A well-balanced diet consisting of carbohydrates, proteins, minerals, fruits, vegetables, fats, and vitamins can provide many nutrients needed to support a healthy pregnancy and the growth of your baby. But with the additional nutritional demands that come with creating a new human being, even the best diet may fall short. That’s where prenatal supplements come in. They provide important vitamins and nutrients that you and your baby need, along with a good dose of peace of mind.

But with so many brands of prenatal vitamins to choose from, along with their different claims, nutrients, and ingredients, it can be confusing to figure out which nutrients you need the most. That’s why we conducted the research on your behalf, ensuring you’re informed about what to seek in prenatal vitamins.

Folic Acid, Calcium, Iron, Iodine

Folic Acid for fetal development

Folic acid is a B vitamin and an absolute necessity for expectant mothers. Think of it as a nutrient that nourishes your baby’s developing nervous system and protects against certain birth defects, including spinal and brain anomalies. While it’s important to include folate-rich foods in your diet, taking a prenatal vitamin can help fill nutritional gaps.

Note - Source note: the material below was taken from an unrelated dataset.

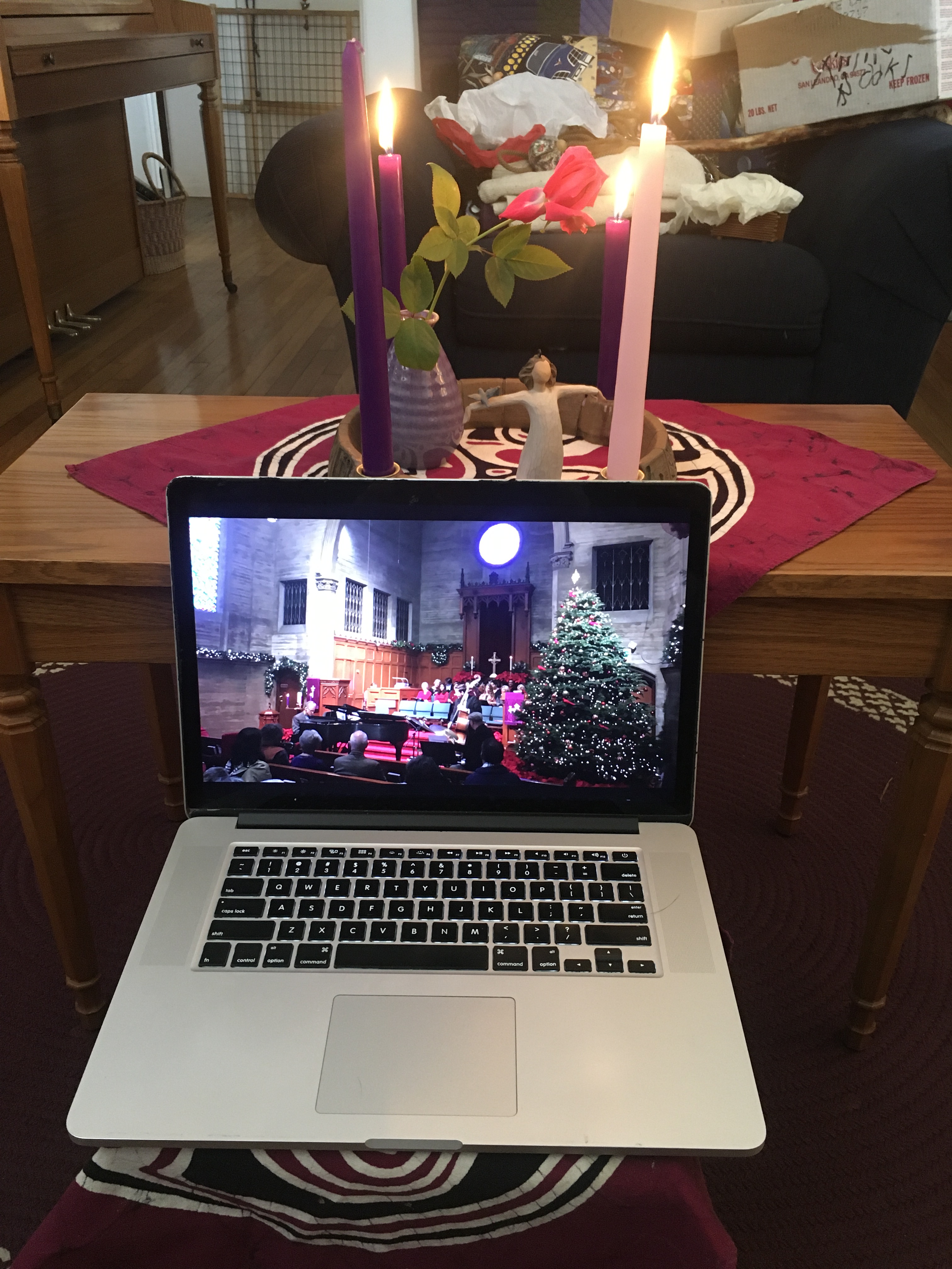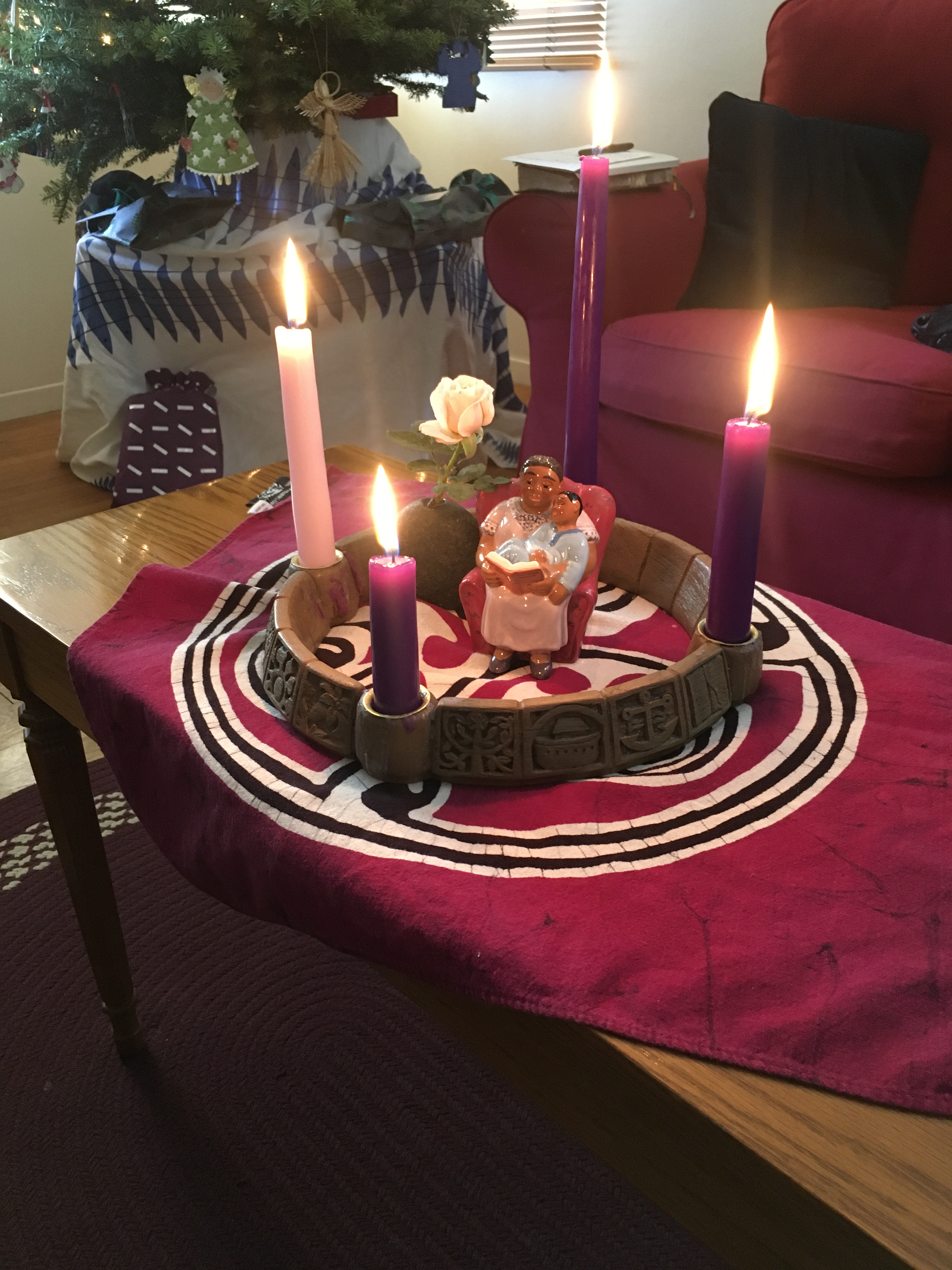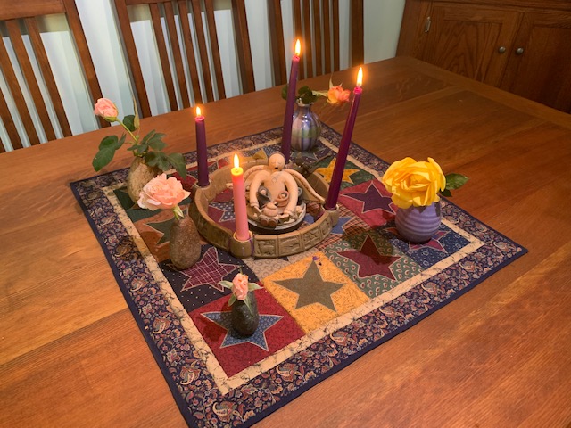 I am as unclear as everyone else about what a new year might bring, to me and to my beloved ones, to my community and my city, to the nation and the nations of the world. But in the lighting the Advent wreath I can see as much as I am able that Love is the only way to navigate the unknown–Love when I deliver coffee bread to the neighbor, Love when I make that phone or e-mail connection to the lonely or limited one, Love when I encounter the service people who come or to whom I go, Love to the agencies and organizations that are on the front lines of distributing resources for shelter and sustenance, Love to my dearest and nearest amid frustrations of changed plans, snafus and hoped denied. And I can reach down into that Love, because I am Beloved myself–by the Holy One in Jesus.

Foods rich in folic acid include:

Leafy green vegetables like spinach
Legumes or beans

Consider this: Some women may not fully absorb folic acid (the synthetic form of folate) found in most prenatal supplements. Enfamom™ Essential Prenatal Multivitamins have the active form of folic acid that women can fully absorb, ensuring both mom and baby get this vital nutrient they need.

Calcium is equally important to look for in a prenatal supplement. That’s because it’s crucial for the development of your baby’s precious little bones. Delicious foods like yogurt and cheese are sources of calcium, but a prenatal vitamin with calcium helps ensure you and your baby get the levels they need, which can be even more challenging if you’re lactose intolerant or simply don’t like dairy products.

Consider this: Your body can’t produce calcium, so you need to get it from foods or supplements. During pregnancy, aim for a daily calcium intake of at least 1,000 mg.

Iron for red blood cells

Iron supports your body’s production of red blood cells, those cells that carry oxygen throughout your body and to your baby. Since your blood volume increases by 30 to 50% during pregnancy,2 your iron needs also increase. Iron supports the development of the placenta and fetus and reduces the risk of anemia.

Keep in mind: Severe anemia can elevate the likelihood of delivering a premature or low-birth-weight baby. Eating more iron-rich foods, such as dark meat, fortified cereals, and spinach, and taking a daily prenatal vitamin with iron can help you avoid anemia.

Iodine for you and your baby’s thyroid

Iodine helps you and your baby’s thyroid hormones, which play a role in the development of the nervous system and your little one’s brain.

Consider this: The body doesn’t produce iodine, so it can only be obtained through diet. The most common source is salt and iodine-fortified supplements, including prenatal vitamins.3

What about other nutrients?

Other nutrients can also affect the health and well-being of you and your developing baby.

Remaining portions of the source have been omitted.